Skip to content

Conversation

@redruin1
Copy link

@redruin1 redruin1 commented Apr 2, 2025

This PR adds an omit_if parameter to cattrs unstructure generators (as described here), which is similar in function to omit_if_default but evaluates a callable at unstructure invoke in order to determine whether an attribute should be omitted:

@define
class Example:
    a: int
    b: int | None
    c: int
    d: int = 123
    e: set = field(factory=set)
    f: int = field()

    @f.default
    def f_default(self) -> int:
        return self.d

    overridden: None = None

converter = Converter()

def default_or_none(instance: AttrsInstance, attribute: Attribute, value: Any) -> bool:
    if value is None:
        return True
    if isinstance(attribute.default, Factory):
        if attribute.default.takes_self:
            return value == attribute.default.factory(instance)
        return value == attribute.default.factory()
    return value == attribute.default    

converter.register_unstructure_hook(
    Example,
    make_dict_unstructure_fn(
        Example,
        converter,
        _cattrs_omit_if=default_or_none,
        c=override(omit_if=lambda inst, attr, value: value < 0),
        overridden=override(omit_if=False),
    ),
)

assert converter.unstructure(Example(a=100, b=None, c=-100, f=123)) == {"a": 100, "overridden": None}

This allows users to control how the unstructure function should behave at runtime (beyond the singular omit_if_default), wheras currently users can only robustly choose how/when to omit fields when the function is first generated.

omit_if is technically a superset of omit_if_default, hence their similar names.
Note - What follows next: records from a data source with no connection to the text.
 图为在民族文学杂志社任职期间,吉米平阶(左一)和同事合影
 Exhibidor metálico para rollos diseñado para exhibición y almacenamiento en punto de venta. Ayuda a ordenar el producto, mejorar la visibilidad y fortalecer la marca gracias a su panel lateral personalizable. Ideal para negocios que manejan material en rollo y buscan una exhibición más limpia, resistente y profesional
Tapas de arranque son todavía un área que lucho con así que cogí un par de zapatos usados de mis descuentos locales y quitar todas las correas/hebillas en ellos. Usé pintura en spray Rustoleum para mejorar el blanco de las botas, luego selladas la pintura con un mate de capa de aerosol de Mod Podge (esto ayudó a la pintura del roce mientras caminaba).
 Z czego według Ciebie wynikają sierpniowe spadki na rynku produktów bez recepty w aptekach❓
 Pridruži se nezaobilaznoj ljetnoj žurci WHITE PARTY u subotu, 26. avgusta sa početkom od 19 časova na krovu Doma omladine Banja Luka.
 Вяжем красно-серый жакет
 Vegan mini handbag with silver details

However, this implementation leaves omit_if_default in function signatures for 3 reasons:

  1. Backwards compatibility
  2. Performance. An apples-to-apples comparison using a lambda instead of generating in-situ is about twice as slow, at least according to the minimal benchmarks I wrote and performed. This could maybe be improved, but I don't see it ever being faster than embedding the checks directly into the function.
  3. attrs doesn't currently have a convenient get_default(instance, attribute) equivalent, which means they must write their own function if somebody just wants the old omit_if_default behavior with the new omit_if parameter - which will lead to dozens of slightly different implementations and (of course) bugs.

If both omit_if_default and omit_if are defined, then omit_if_default takes priority. However, I can also see a world where defining both simultaneously is forbidden, as which should take precedent is not intrinsically apparent.
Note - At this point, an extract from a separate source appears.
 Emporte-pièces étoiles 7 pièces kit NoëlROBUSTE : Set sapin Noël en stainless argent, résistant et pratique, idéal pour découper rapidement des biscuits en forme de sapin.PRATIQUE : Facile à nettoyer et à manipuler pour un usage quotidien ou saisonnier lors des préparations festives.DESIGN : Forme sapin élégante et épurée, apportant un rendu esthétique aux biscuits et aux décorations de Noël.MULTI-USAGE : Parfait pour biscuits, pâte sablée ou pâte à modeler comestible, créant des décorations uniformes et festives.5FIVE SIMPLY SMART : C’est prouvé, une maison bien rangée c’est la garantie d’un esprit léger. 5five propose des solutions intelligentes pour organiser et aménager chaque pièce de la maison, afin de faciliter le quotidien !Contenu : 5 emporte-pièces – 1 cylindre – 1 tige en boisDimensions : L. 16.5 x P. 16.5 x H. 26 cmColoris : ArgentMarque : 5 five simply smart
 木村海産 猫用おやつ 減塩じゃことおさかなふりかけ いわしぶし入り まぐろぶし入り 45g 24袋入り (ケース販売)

This is a proof of concept PR, it is not currently complete. I am interested in completing it (ensuring coverage/writing docs/etc.) but I want the go-ahead before I invest serious amounts of time into it.

redruin1 added 6 commits April 1, 2025 04:08
coverage is deciding not to work on my machine for some reason
accidentally omitted part of another test
@Tinche
Copy link
Member

Tinche commented Apr 5, 2025

I think this is a good idea and we should do it. Let's brainstorm the design a little bit.

It would be great if at the end of this we could soft-deprecate omit and omit_if_default (don't think we can ever remove them because of backwards comp, but we can steer folks to the new API). It should definitely be an error to use both.

I think we can make omit_if="default" trigger the same code path as omit_if_default=True, and similarly for omit_if=True (or we could make it omit_if="always" for clarity?).

The use case you mention is a predicate for unstructuring time, and yeah that sounds great. Would it make sense to just have it receive the attribute value, instead of the three things? The other 2 parameters are known at hook generation time. If they are needed, users could wrap the hook factory, like today.

So the type for the omit_if= parameter could be Literal["default", "always"] | Callable[[Any], bool].

@redruin1
Copy link
Author

redruin1 commented Apr 5, 2025

It should definitely be an error to use both (omit_if and omit_if_default).

Roger, I agree.

I think we can make omit_if="default" trigger the same code path as omit_if_default=True, and similarly for omit_if=True (or we could make it omit_if="always" for clarity?).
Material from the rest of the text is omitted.